## Given entries

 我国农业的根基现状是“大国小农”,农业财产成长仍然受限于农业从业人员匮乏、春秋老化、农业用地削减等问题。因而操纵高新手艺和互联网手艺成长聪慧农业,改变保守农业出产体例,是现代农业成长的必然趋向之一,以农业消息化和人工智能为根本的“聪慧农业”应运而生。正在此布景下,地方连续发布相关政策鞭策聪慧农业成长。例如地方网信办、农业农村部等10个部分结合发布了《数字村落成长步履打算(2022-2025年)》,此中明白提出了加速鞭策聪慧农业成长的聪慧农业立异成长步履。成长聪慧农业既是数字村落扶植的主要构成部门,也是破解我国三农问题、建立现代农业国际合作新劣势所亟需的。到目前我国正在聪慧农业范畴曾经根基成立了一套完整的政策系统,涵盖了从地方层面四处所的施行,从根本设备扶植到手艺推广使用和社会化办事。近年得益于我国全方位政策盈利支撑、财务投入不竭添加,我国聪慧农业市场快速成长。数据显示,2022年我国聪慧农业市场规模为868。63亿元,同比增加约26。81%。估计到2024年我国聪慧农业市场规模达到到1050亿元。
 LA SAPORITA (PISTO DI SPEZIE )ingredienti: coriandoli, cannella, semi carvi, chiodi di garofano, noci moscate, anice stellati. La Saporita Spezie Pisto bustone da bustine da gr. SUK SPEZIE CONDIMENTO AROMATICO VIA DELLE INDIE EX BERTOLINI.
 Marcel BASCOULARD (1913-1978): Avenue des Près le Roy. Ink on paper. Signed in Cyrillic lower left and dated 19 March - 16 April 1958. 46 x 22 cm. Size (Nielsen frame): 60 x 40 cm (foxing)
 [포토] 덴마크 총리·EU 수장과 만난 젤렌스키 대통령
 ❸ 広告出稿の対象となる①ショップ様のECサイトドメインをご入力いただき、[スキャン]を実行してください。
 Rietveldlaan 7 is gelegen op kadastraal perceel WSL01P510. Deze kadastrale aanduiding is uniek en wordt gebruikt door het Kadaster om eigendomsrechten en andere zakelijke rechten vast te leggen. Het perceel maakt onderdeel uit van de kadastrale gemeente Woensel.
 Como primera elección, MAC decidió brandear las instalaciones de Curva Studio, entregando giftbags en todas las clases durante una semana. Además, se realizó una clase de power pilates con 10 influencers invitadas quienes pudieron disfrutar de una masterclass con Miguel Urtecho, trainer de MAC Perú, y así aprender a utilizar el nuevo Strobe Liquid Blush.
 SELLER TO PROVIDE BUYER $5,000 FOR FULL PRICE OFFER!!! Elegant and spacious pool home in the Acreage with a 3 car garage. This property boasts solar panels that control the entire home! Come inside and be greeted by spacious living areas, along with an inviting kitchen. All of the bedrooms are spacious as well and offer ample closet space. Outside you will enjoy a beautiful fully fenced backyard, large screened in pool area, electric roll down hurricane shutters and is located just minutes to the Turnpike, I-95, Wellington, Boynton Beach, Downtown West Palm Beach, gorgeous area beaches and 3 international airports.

## What the task asks
Give only the lines from the one holding "Marcel BASCOULARD (1913-1978): Avenue" through the one holding "Como primera elección, MAC", each restated exactly as it appears above.

## Reply to the task
 Marcel BASCOULARD (1913-1978): Avenue des Près le Roy. Ink on paper. Signed in Cyrillic lower left and dated 19 March - 16 April 1958. 46 x 22 cm. Size (Nielsen frame): 60 x 40 cm (foxing)
 [포토] 덴마크 총리·EU 수장과 만난 젤렌스키 대통령
 ❸ 広告出稿の対象となる①ショップ様のECサイトドメインをご入力いただき、[スキャン]を実行してください。
 Rietveldlaan 7 is gelegen op kadastraal perceel WSL01P510. Deze kadastrale aanduiding is uniek en wordt gebruikt door het Kadaster om eigendomsrechten en andere zakelijke rechten vast te leggen. Het perceel maakt onderdeel uit van de kadastrale gemeente Woensel.
 Como primera elección, MAC decidió brandear las instalaciones de Curva Studio, entregando giftbags en todas las clases durante una semana. Además, se realizó una clase de power pilates con 10 influencers invitadas quienes pudieron disfrutar de una masterclass con Miguel Urtecho, trainer de MAC Perú, y así aprender a utilizar el nuevo Strobe Liquid Blush.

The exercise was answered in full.